Simple English Forced Alignment

Goals:

You should get this done by 1/27/2016. Turn in the alignment files resulting from step 6 below, using the Canvas site.

1. In a terminal window, log in to harris.sas.upenn.edu. Be sure that /usr/local/bin is on your PATH. You can check this with

echo $PATH

It should be there by default -- if not, contact someone in authority.

2. As inputs, you will need an audio file and a transcript file.

The audio should be a single-track (mono) file with a sampling rate of 16000 Hz or higher. (We'll see later what to do with stereo files, and rates of 11025 or 8000 Hz.) You can diagnose the file type by using soxi -- and you can modify it with sox.

The transcript should be plain text, without speaker indications, comments, stage directions, etc.
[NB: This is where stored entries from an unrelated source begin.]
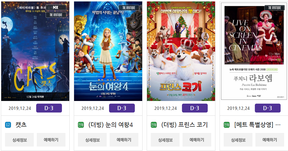 현재 개봉작 이외에도 크리스마스를 맞이하여새롭게 개봉하는 영화들이 많이 있습니다.
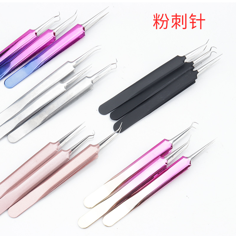 卸売りステンレス粉刺針美容化粧黒頭ピンセット多色美容院用粉刺針
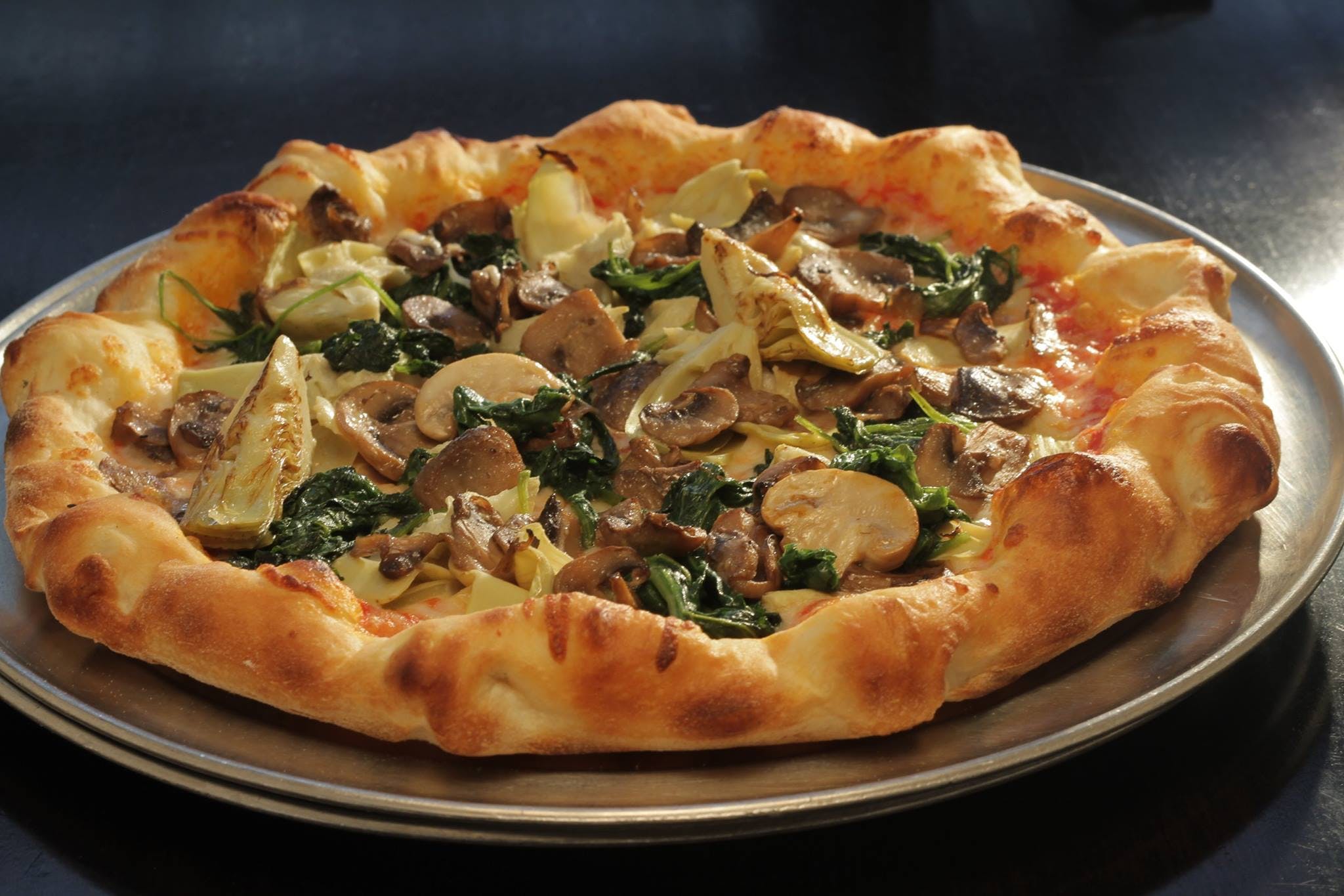 Tomato, mozzarella, black olives, mushrooms artichokes.

It can (and should) include notes on various non-speech sounds:

{breath} {noise} {laugh} {cough} {lipsmack}{SL}

(where "{SL}" means silence). We'll see later how to transform transcripts in various other formats in a suitable way.

3. The command to perform the alignment has the form

segment.py wavfile trsfile outputfile_alignment outputfile_words

where "wavfile trsfile outputfile_alignment outputfile_words" are four arbitrary file names, two inputs and two outputs. This is a python wrapper for the HTK "Hidden Markov Model Toolkit", written by Jiahong Yuan, who also prepared the acoustic models.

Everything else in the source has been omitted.